Consider this about man from Toms River, N.J.:

  • When he first appeared in the UFC, it was for a fight that many others had turned down.  Tyson Griffin was the opponent, and at the time (UFC 67), the word on the street was that Griffin was some sort of undefeated, unbeatable monster.  Edgar smoked him, and earned a Fight of the Night bonus in the process.

 

  • When Edgar challenged B.J. Penn for the 155-pound belt, Penn was considered to be at the height of his dominance in the weight class.  The former welterweight champ hadn't simply beaten all comers at 155 (since his loss to Jen Pulver years before), he'd destroyed them.  In his rematch with "Lil' Evil", Penn treated him like a petulant jiu-jitsu white belt.  In his fight against Joe Stevenson, he made the TUF winner into a bloody mess.  He left Sean Sherk dazed on the canvas, had Kenny Florian tapping for mercy, and turned Diego Sanchez into an extra from "Dawn of the Dead".  And then came Edgar, who out-hustled Penn for five rounds to take the decision.  Was it a fluke?  Obviously not, because in the immediate rematch, Edgar did it all over again, only this time he was totally and completely dominant.

 

  • There have only been a handful of champs in the lightweight division, with Penn's reign lasting the longest at 812 days.  But having held the belt for 687 days, Edgar comes in at second, surpassing former title holders Sherk and Pulver (and current champ Henderson). 

 

Flat facts and numbers and aside, there's something else to what Edgar has done in terms of leaving his mark.  Where some fighters have made themselves memorable by dominant performances and finishes by knockout and submission, Edgar has been the one to come perilously close to getting TKO'd (by Maynard) or having a limb broken (by Griffin), only to rally back and win.  The Answer has thrilled us — not just once, but many times.  And in ten, maybe twenty years, when we tell our kids about how the UFC was "back in the day", the clips we'll show them will undoubtedly contain a few instances of Edgar on the verge of going to sleep, yet finding some way to survive and thrive.

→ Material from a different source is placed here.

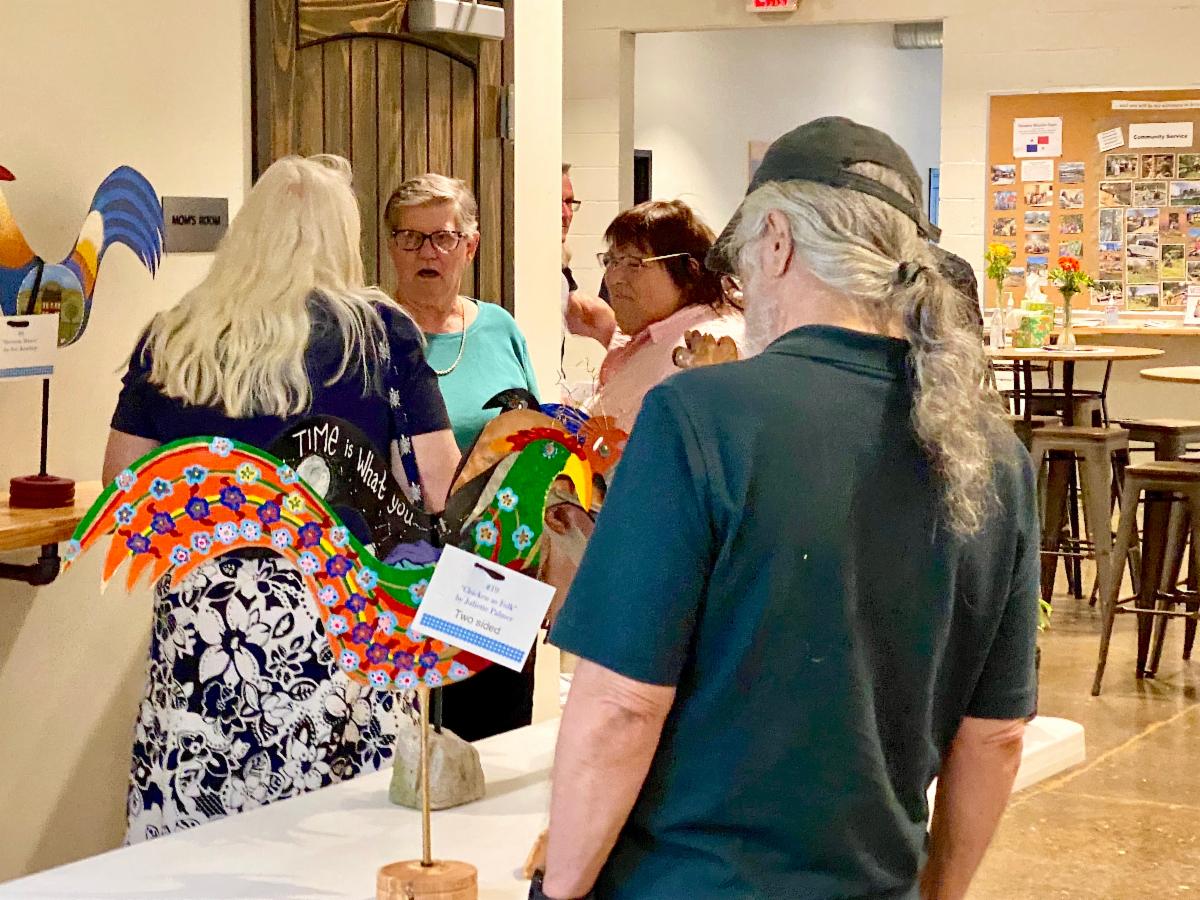 Our Auctioneer Mike Rice did an excellent job getting the roosters auctioned off to proud new owners. We are very fortunate to have such gifted and talented artists in our area. We thank them for donating their creativity to our fundraiser.

Duane Finley over at Bleacher Report put it nicely with this bit here:

Over the past two years Edgar has built his reputation on resilience and resolve.  The former champion displayed tremendous heart and perseverance in both of last year's fights with Maynard and then again after being rocked by Henderson in the third round of their first matchup in February.

It has been on the strength of these types of performances where Edgar has laid the foundation to his legacy and nothing has meant more to him than being a champion.

 

Who will come away with the belt when the main event at UFC 150 is over?  I don't know for sure, but what I do know is that, when it comes to the history books, Frankie Edgar has already made his mark.